Let $(\Omega_1,\Sigma_1,P_1)$ be a probability space and consider the $n$-fold product space $(\Omega^S,\Sigma^S,P^S)$ with coordinate maps $X_1,\ldots,X_n$. In other words, $X_1,\ldots,X_n$ is the canonical choice of of i.i.d. random variables with law $P_1$, and $(\Omega^S,\Sigma^S,P^S)$ is the space of our original sample.

Next, consider the probability space $(\Omega_2,\Sigma_2,P_2)$, where $\Omega_2=\{1,\ldots,n\}$ is the $n$-point set, $\Sigma_2$ is the power set $\sigma$-algebra and $P_2$ is the uniform measure. Let $(\Omega^B,\Sigma^B,P^B)$ denote the $n$-fold product of this space with coordinate maps $\tau_1,\ldots,\tau_n$. Thus, $\tau_1,\ldots,\tau_n$ are i.i.d. uniformly distributed on $\{1,\ldots,n\}$.

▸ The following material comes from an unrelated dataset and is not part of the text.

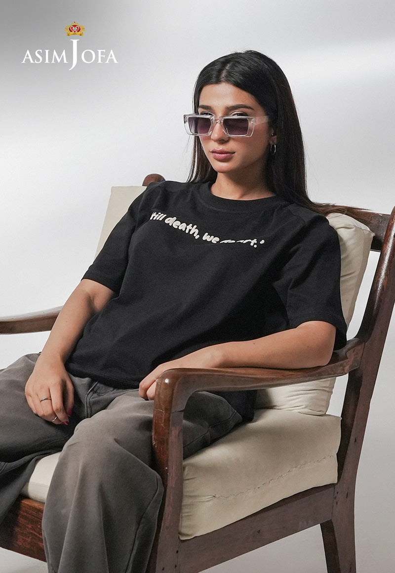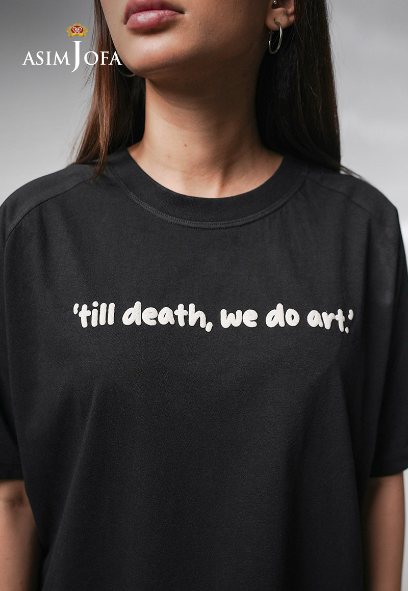 For the ones who wear rebellion like a badge. This black graphic tee with bold white typography that says “till death we do art” is an unapologetic shout-out to creativity, individuality, and a little edge. Streetwear with soul.

Finally, let $(\Omega,\Sigma,P)$ denote the product of $(\Omega_1,\Sigma_1,P_1)$ and $(\Omega_2,\Sigma_2,P_2)$. The variables $X_1,\ldots,X_n$ can be viewed as variables in $(\Omega,\Sigma,P)$ by putting $X_j(\omega):=X_j(\omega^S)$ for $\omega=(\omega^S,\omega^B)$, and similarly for $\tau_1,\ldots,\tau_n$.

Definition: The bootstrap sample $X^*_1,\ldots,X^*_n$ of $X_1,\ldots,X_n$ is defined by $X^*_j:=X_{\tau_j}$.

That is, $X^*_j(\omega)=X_{\tau_j(\omega)}(\omega)=X_{\tau_j(\omega^B)}(\omega^S)$, or equivalently $X^*_j=\sum_{k=1}^n X_k1_{(\tau_j=k)}$.

Since $P(\tau_j=k)=1/n$ and $X_1,\ldots,X_n,\tau_1,\ldots,\tau_n$ are independent, we see that almost surely $$ E(1_A(X^*_j)\mid X_1,\ldots,X_n)=\frac{1}{n}\sum_{k=1}^n E(1_A(X_k)\mid X_1,\ldots,X_n) = \frac{1}{n}\sum_{k=1}^n 1_A(X_k) = \frac{1}{n}\sum_{k=1}^n \delta_{X_k}(A). $$ This ensures, as expected, that the empirical measure $P_n(A,\omega):=\frac{1}{n}\sum_{j=1}^n \delta_{X_j(\omega)}(A)$ is a conditional distribution for $X_j^*$ given $X_1,\ldots,X_n$. Similarly, we have almost surely \begin{align} &E(1_{A_1}(X^*_1)\cdots 1_{A_n}(X^*_n)\mid X_1,\ldots,X_n) \\ &=\frac{1}{n^n}\sum_{k_1=1}^n\cdots \sum_{k_n=1}^n 1_{A_1}(X_{k_1})\cdots 1_{A_n}(X_{k_n})\\ &=E(1_{A_1}(X^*_1)\mid X_1,\ldots,X_n)\cdots E(1_{A_n}(X^*_n)\mid X_1,\ldots,X_n), \end{align} which ensures that $X_1^*,\ldots,X_n^*$ are conditionally independent given $X_1,\ldots,X_n$.

Dudley, R.M., Real analysis and probability., Cambridge Studies in Advanced Mathematics. 74. Cambridge: Cambridge University Press. x, 555 p. (2002). ZBL1023.60001.

Dudley, R. M., Uniform central limit theorems, Cambridge Studies in Advanced Mathematics 142. Cambridge: Cambridge University Press (ISBN 978-0-521-73841-5/pbk; 978-0-521-49884-5/hbk; 978-1-139-01483-0/ebook). 482 p. (2014). ZBL1317.60030.